■ Task statement:
Leaving the pictures aside, return the listing exactly as it appears.

Given material START

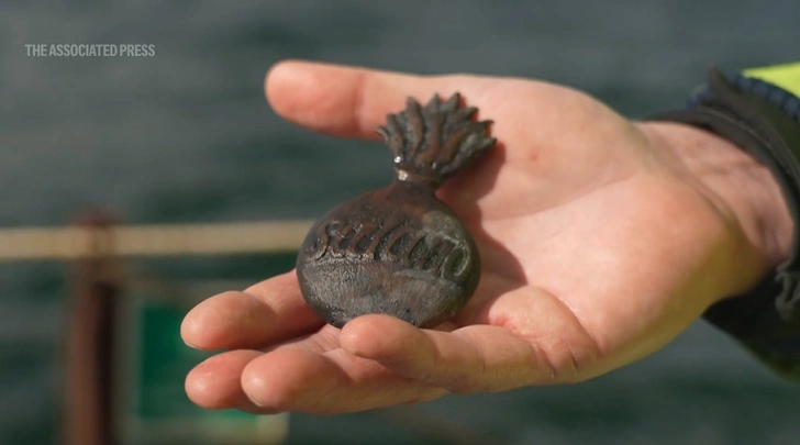 Работать подводникам приходится не только на скорость, но и с максимальным соблюдением мер безопасности — место раскопок заполнено ядрами, представляющими опасность для водолазов.
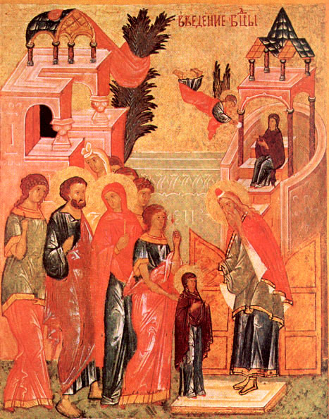 La liturgie byzantine du 21 novembre, qui précède de nombreux siècles la liturgie romaine, commente le récit apocryphe du Protévangile de Jacques. La liturgie byzantine met en relief les implications théologiques et spirituelles de ce très ancien récit (et c’est ce que retiendra l’Église latine) :
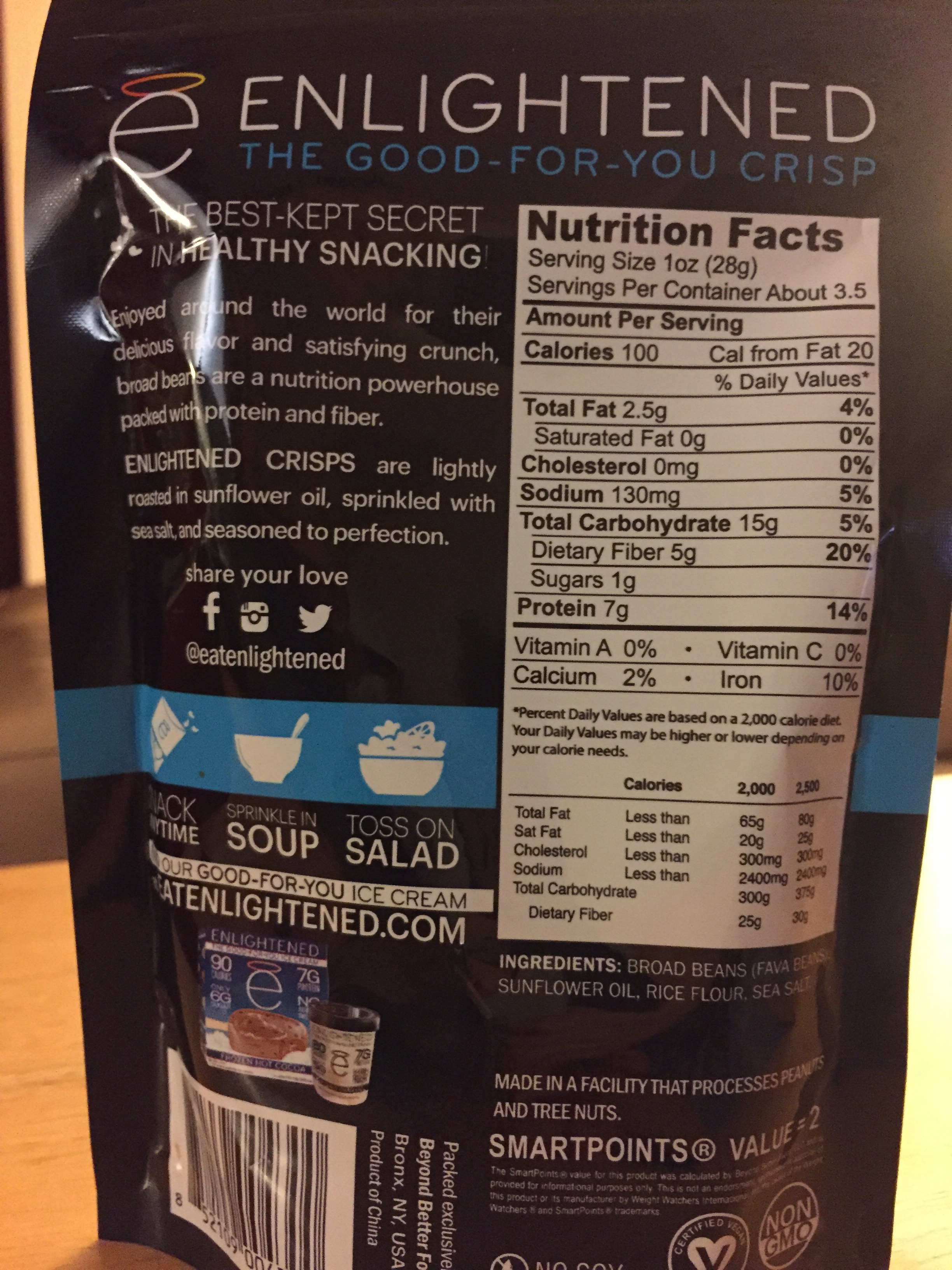 I was walking down the cracker and nuts aisle and came across a small bag of roasted broad beans by Enlightened. I had eaten roasted broad beans before but not this brand. I turned the label over(because I always read the label) to look at the ingredients and nutrional information. I was surprised to see that this snack food packs a whopping 10% iron, which I seem to run low on at times, 5 grams fiber, 7 grams protein,only 2.5 grams of fat, and 0 Saturated fat. A serving is around an ounce and only 100 calories.
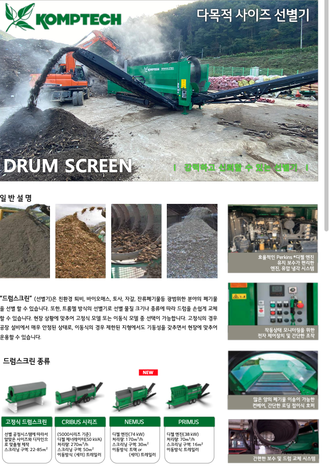 트롬멜 방식의 선별기로 선별 물질 크기나 종류에 따라 드럼을 손쉽게 교체할 수 있으며, 특수 설계된 드럼으로 높은 처리량을 보장합니다.

Given material END

■ Answer to the problem:
 Работать подводникам приходится не только на скорость, но и с максимальным соблюдением мер безопасности — место раскопок заполнено ядрами, представляющими опасность для водолазов.
 La liturgie byzantine du 21 novembre, qui précède de nombreux siècles la liturgie romaine, commente le récit apocryphe du Protévangile de Jacques. La liturgie byzantine met en relief les implications théologiques et spirituelles de ce très ancien récit (et c’est ce que retiendra l’Église latine) :
 I was walking down the cracker and nuts aisle and came across a small bag of roasted broad beans by Enlightened. I had eaten roasted broad beans before but not this brand. I turned the label over(because I always read the label) to look at the ingredients and nutrional information. I was surprised to see that this snack food packs a whopping 10% iron, which I seem to run low on at times, 5 grams fiber, 7 grams protein,only 2.5 grams of fat, and 0 Saturated fat. A serving is around an ounce and only 100 calories.
 트롬멜 방식의 선별기로 선별 물질 크기나 종류에 따라 드럼을 손쉽게 교체할 수 있으며, 특수 설계된 드럼으로 높은 처리량을 보장합니다.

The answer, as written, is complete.